Hace cuarenta y cinco años, creímos los españoles haber descubierto la piedra filosofal de la res pública. El Estado de las Autonomías. No es que naciera perfecto, porque en aras de la conciliación se reconocieron comunidades históricas allí donde, en realidad, no había sino deseo de no molestar lo que se venía a denominar las inquietudes identitarias. Suponíase entonces que era algo transitorio, porque no tenía lógica alguna una discriminiación positiva amparada en la residencia en una tierra u otra de España. Eran tiempos en que nos creíamos las dos grandes expresiones que toda duda sanaban: la vertebración y el reequilibrio territorial.
El paso de los lustros y las décadas constató que anhelaban las 17 autonomías de España el café para todos, aunque había dos que querían añadir la copa y el puro (habano). La aritmética parlamentaria y la falta de escrúpulos por quienes detentan el poder les ha puesto güisqui Macallan y el mejor Partagás de los más acreditados estancos.
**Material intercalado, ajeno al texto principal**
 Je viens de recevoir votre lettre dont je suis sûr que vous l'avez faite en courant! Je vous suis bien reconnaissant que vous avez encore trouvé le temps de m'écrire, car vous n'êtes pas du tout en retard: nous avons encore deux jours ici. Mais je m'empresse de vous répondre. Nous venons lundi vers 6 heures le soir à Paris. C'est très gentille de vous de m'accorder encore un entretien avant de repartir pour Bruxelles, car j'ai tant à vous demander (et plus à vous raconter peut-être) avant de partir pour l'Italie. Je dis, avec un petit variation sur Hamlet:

Mientras, aquello del reequilibrio, la vertebración y la España (y Europa) de los ciudadanos ha transferido su depauperación al concepto de España Vaciada en la que han confluido gentes bien intencionadas con practicantes de la cueva de Alibabá. La brecha no es sólo de género o de clases, hoy por hoy también lo es entre ciudadanos de acá y acullá, acá los condenados a la pobreza, allá los ricos beneficiarios de la cobarde entrega de los monclovitas.
Dos grandes catástrofes han dado un doble aviso al Estado de las Autonomías. La pandemia, olvidados ya los cientos de miles de personas que crían malvas en el tramposo conteo ministerial (salvo los 7291 de Ayuso que hay quien recuerda recurrentemente), constató que no sólo no teníamos la mejor Sanidad del mundo sino que, además, nuestro sistema era obviamente mejorable. Muy, muy mejorable. La gestión del coronavirus, como afearon organismos internacionales, fue deficiente. Y este modelo autonómico, aunque no lo quieran ver los gobernantes, quedó debilitado por su ineficiencia y sus lagunas. No sólo por la Sanidad. En vez de reinventar la educación y los servicios sociales, en Moncloa decidieron que era mejor tirar de decretos inspirados por funcionarios muy, pero que muy mediocres.
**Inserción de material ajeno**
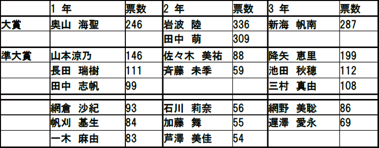 また、会場で行いましたコンクールには生徒を含め681人、3852票の投票があり、次のように各学年の順位を決定いたしました。

La dana de Valencia ha puesto en evidencia nuevamente al Estado de las Autonomías. Una catástrofe, éste, en sí mismo. Una demostración del ejercicio de trileros en el que se ha convertido la pugna política, en el que todo vale, incluso doscientos y pico muertos, con tal de obtener miserable rédito. No, no es de recibo que un español haya de levantar la voz para que inmediatamente acudan en su auxilio todos los recursos estatales, estén en Valencia, Aragón, Andalucía, Cataluña o País Vasco. Va de oficio, va de observación, va de honradez. Y aquí, que si tirios y troyanos, lo que se ha comprobado nuevamente es que el sistema no sólo no funciona, sino que en sus grietas mata.
Como en los parlamentos, han sido dos avisos. Particularmente, pienso que hay que repensar el sistema y no por que lo reclamen Bildu, Junts, PNV o el sursum corda, porque siempre que se hace bajo una presión abyecta el resultado es horrible. Es por salud democrática, para prevenir los extremismos y, sobre todo, para responder con honradez intelectual a una inquietud que no es caprichosa: cuando se tensiona por un desastre cualquier parte de España, el conjunto estatal responde mal. Es, como mínimo, incompetente. Y, entonces, se llenan los camposantos. Quien no quiera verlo así es que tiene una gran cortedad de miras y una insufrible miseria moral. Al tercer aviso, el Estado será retirado a los corrales o la razón le retirará la palabra.